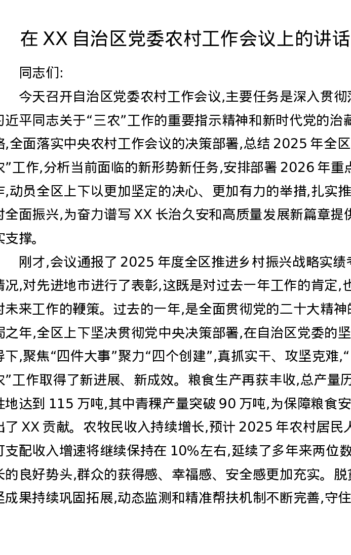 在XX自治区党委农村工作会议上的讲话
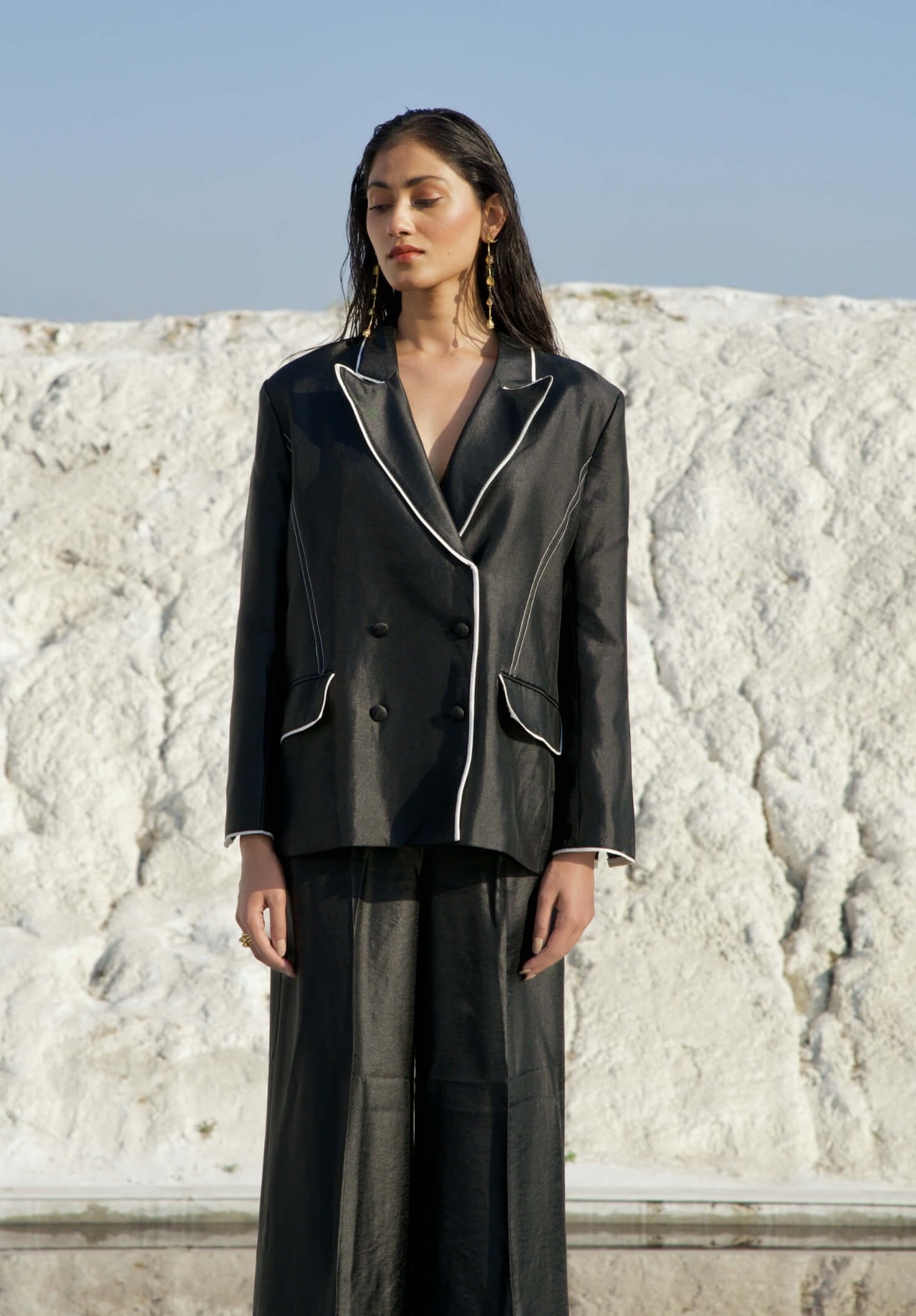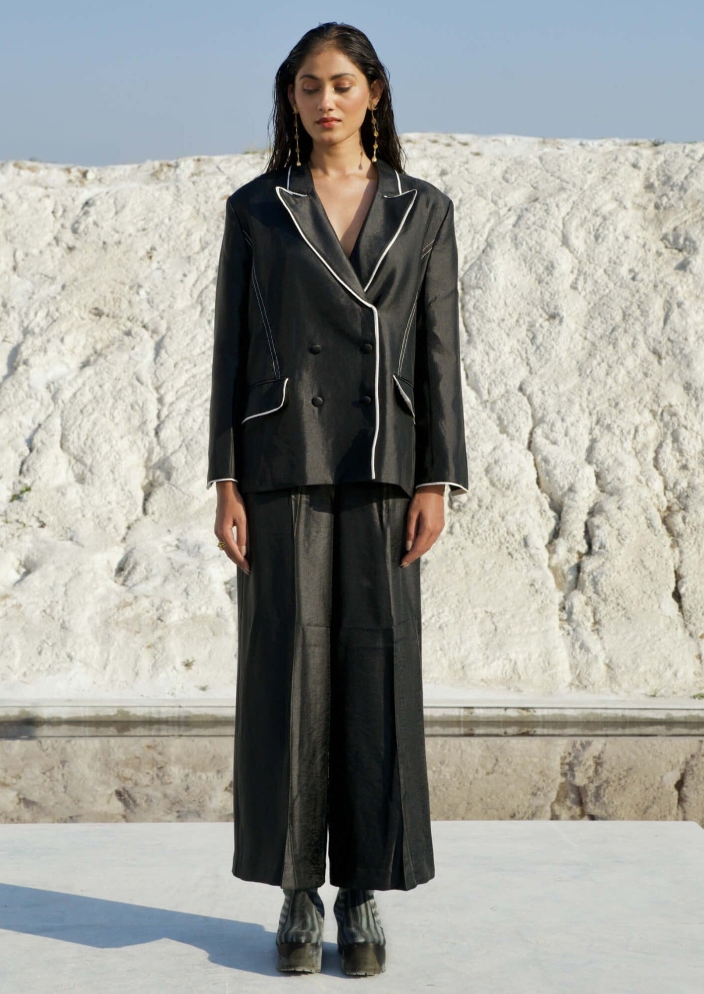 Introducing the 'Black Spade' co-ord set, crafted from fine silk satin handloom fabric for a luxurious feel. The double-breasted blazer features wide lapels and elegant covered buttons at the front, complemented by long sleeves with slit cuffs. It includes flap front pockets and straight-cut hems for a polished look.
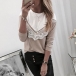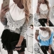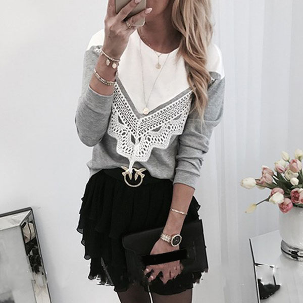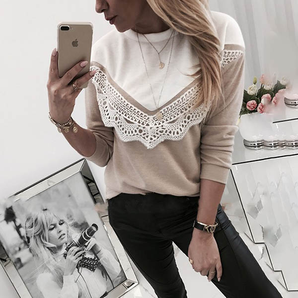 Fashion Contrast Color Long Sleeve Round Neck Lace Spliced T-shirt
::::::::::
Problem details:
Your task is to set down each line above verbatim while excluding the pictures.

Exercise output:
 在XX自治区党委农村工作会议上的讲话
 Introducing the 'Black Spade' co-ord set, crafted from fine silk satin handloom fabric for a luxurious feel. The double-breasted blazer features wide lapels and elegant covered buttons at the front, complemented by long sleeves with slit cuffs. It includes flap front pockets and straight-cut hems for a polished look.
 Fashion Contrast Color Long Sleeve Round Neck Lace Spliced T-shirt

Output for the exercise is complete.